A Poem Is A Naked Person

4 out of 4 Stars















Les Blank's rare documentary, A Poem Is A Naked Person, has finally been released in all its Southern Fried glory. The 1974 documentary, which revolves around Leon Russell and his home state of Oklahoma, was shelved by Russell until 2014 when Blank's son, Harrod, restored the film in collaboration with Janus Films. The film is a beautiful, comedic, and rollicking look at Russell on stage and in the recording studio with George Jones and Willie Nelson. Also, the film is a portrait of Faulknerian proportions as Blank interviews local Oklahomians, glass-eating parachute enthusiasts, and Russell's fans.

Les Blank, who passed away in 2013, was one of the great documentary filmmakers of the 1970s and was in the vanguard of cinema verite film-making along with his contemporaries like the Maysles Brothers and D.A. Pennebaker. For Blank, he not only focuses on Russell's music, but the people and culture that make up the bulk of his songs. The film almost comes across as Robert Altman's Nashville without Joan Tewkesbury's script as you feel the humidity of the southern heat or the glow of the full moon over the Grand Lake of the Cherokee while Russell's voice sings some classic Hank Williams ballad.  

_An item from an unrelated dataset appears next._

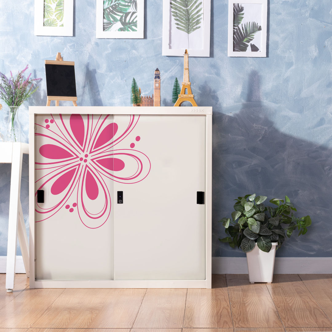 Lemari dengan pintu geser, dilengkapi dengan 2 rak yang dapat disesuaikan dan kunci. (Termasuk grafis) Termasuk 2 rak yang dapat disesuaikan. Rak tambahan juga tersedia untuk dijual dengan 6 gaya grafis yang tersedia.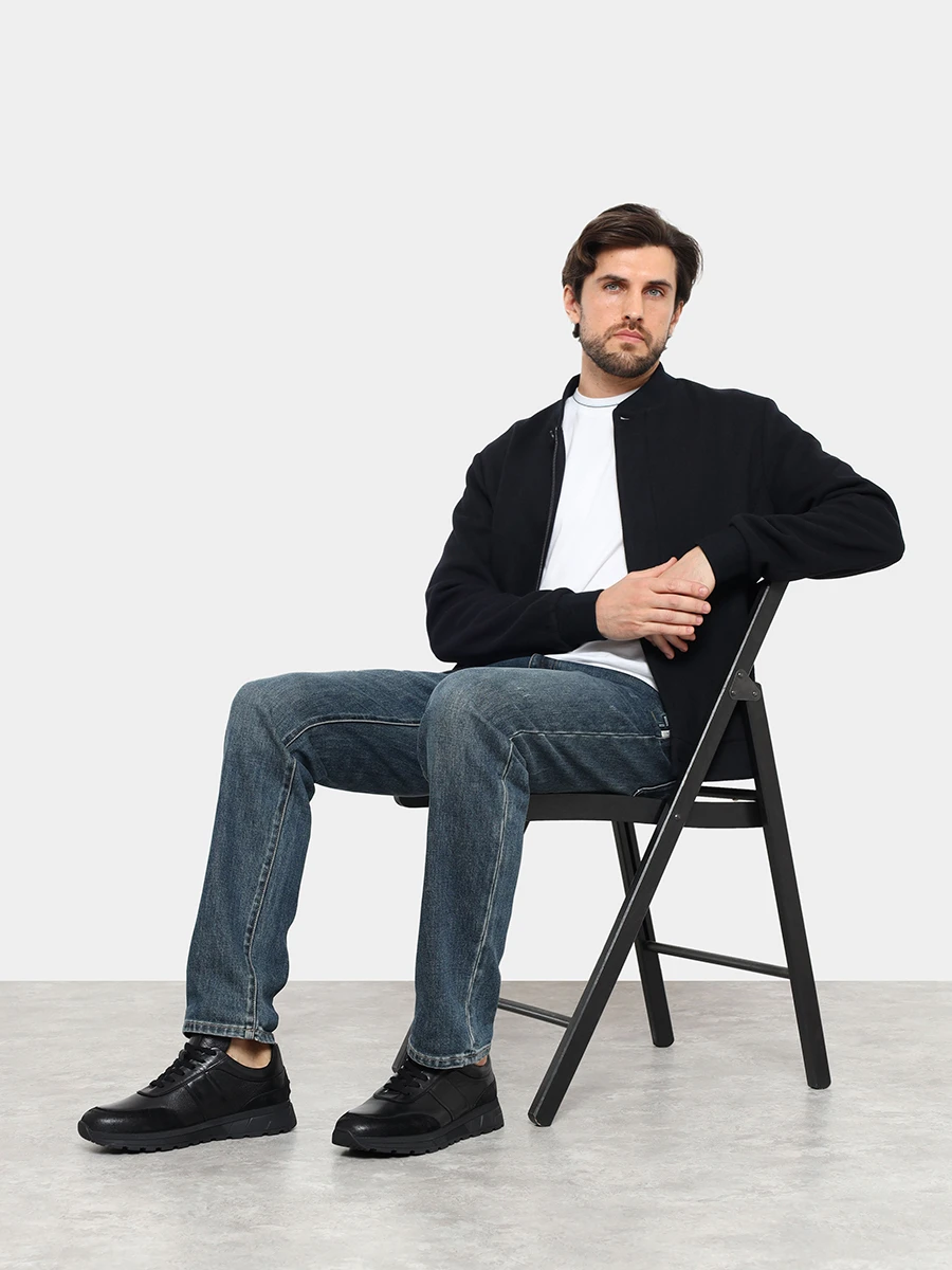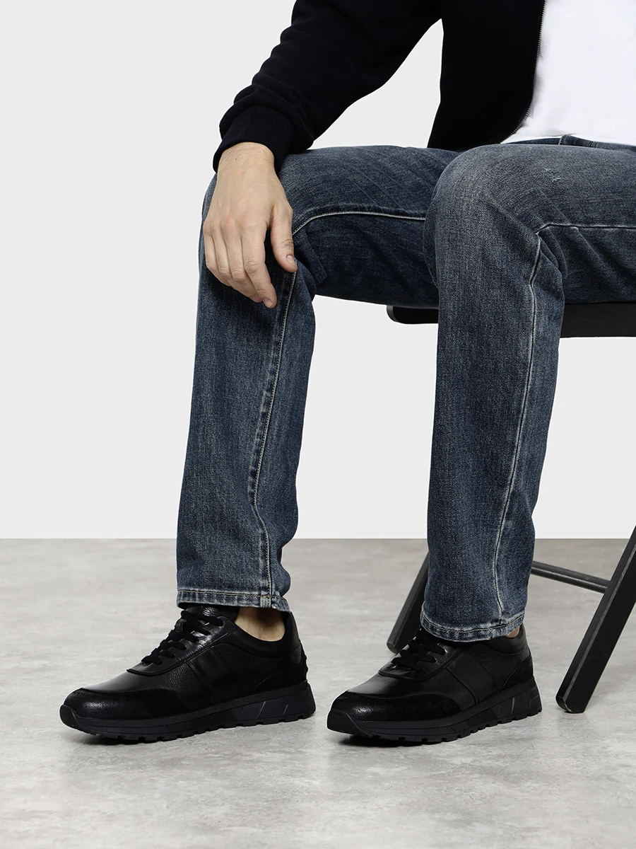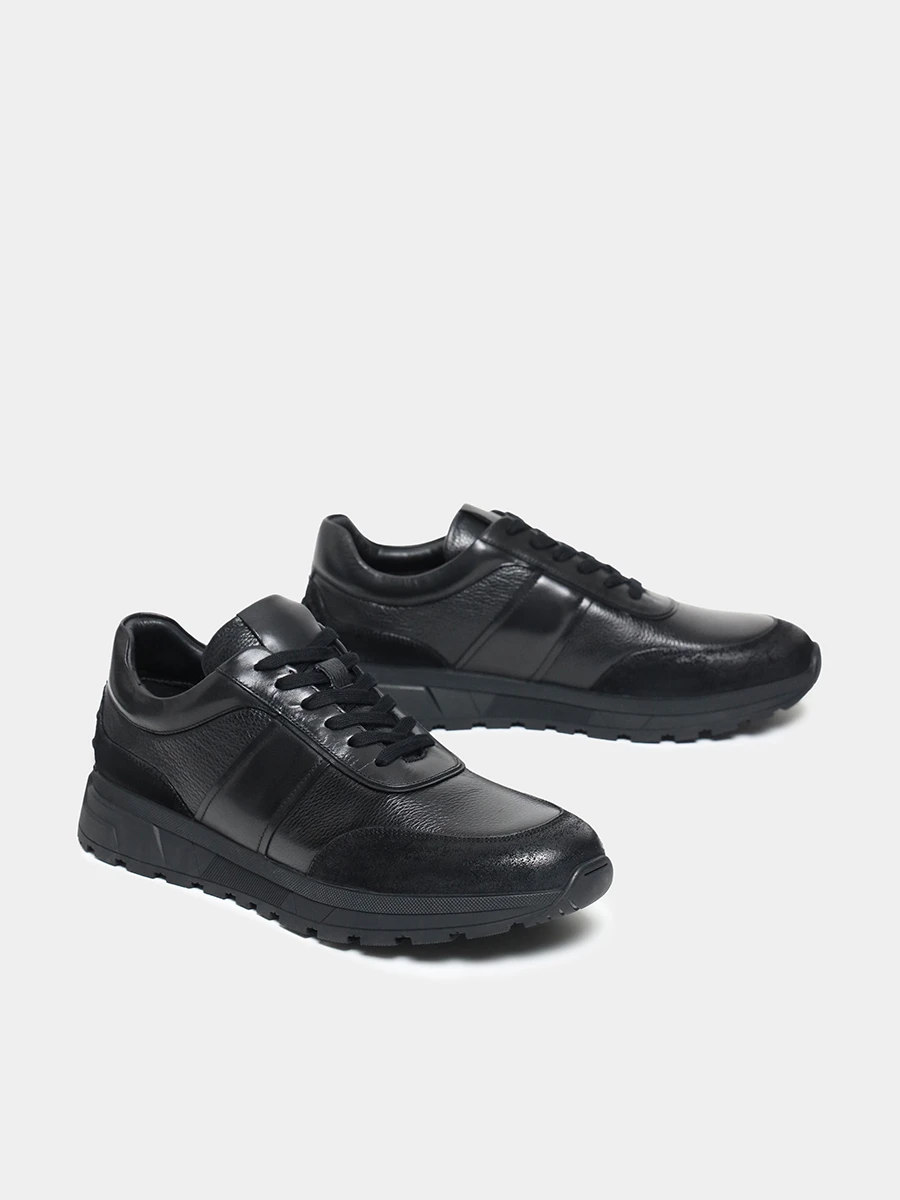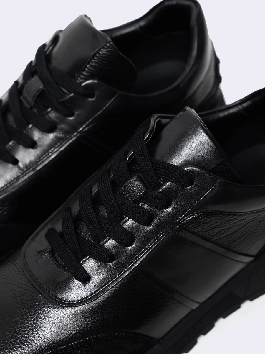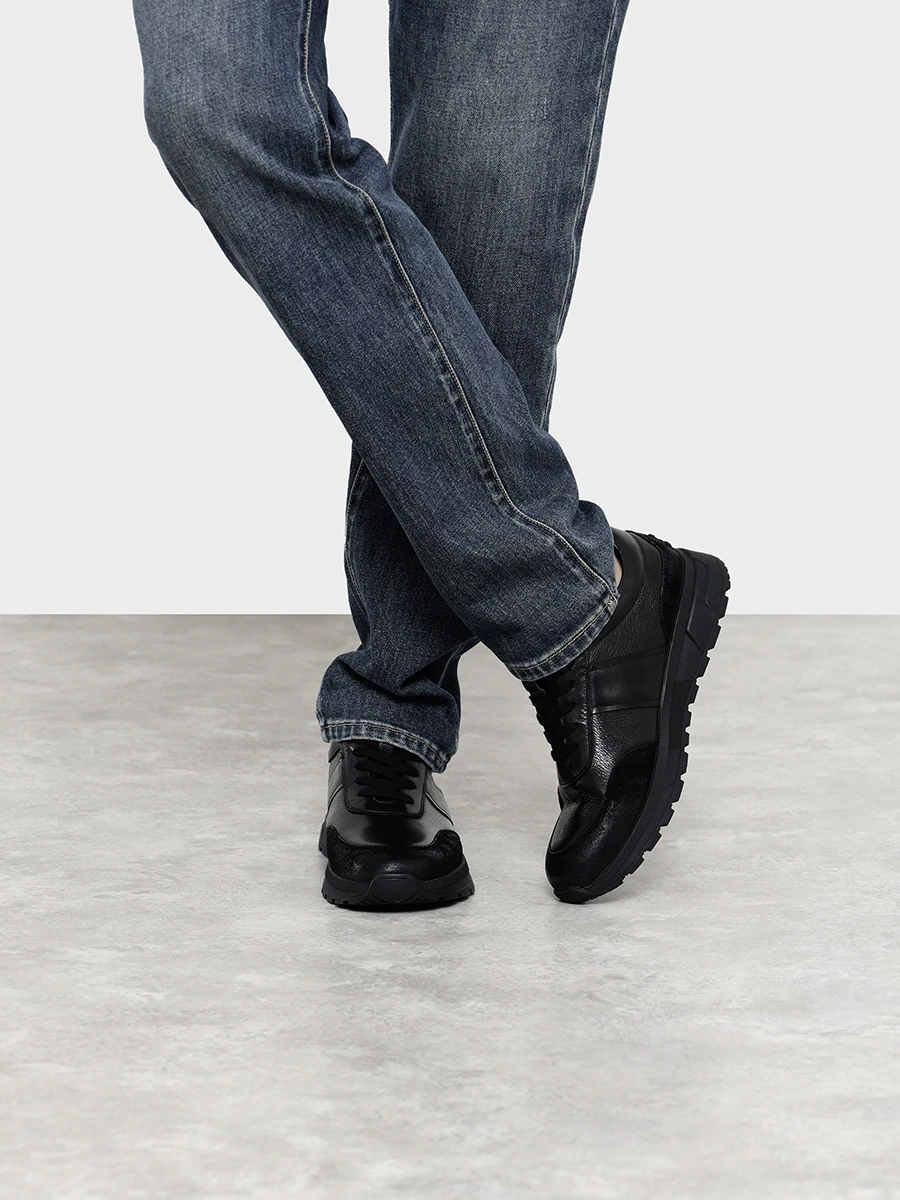 Кроссовки мужские демисезонные, цвет черный, натуральная кожа/натуральный спилок

Within this heady mix of music and southern culture, there is Leon Russell as one of rock and roll's jack-of-all trades. Whether he is performing at a local wedding or playing to a riotous crowd in Anaheim, California, this film solidifies him as one of the great musicians of his generation whose career was revived in recent years thanks in part to Elton John recruiting him for the 2010 album, "The Union," and being inducted into the Rock and Roll Hall of Fame in 2011. A Poem Is A Naked Person is one of the great lost gems that can finally shine for all to see.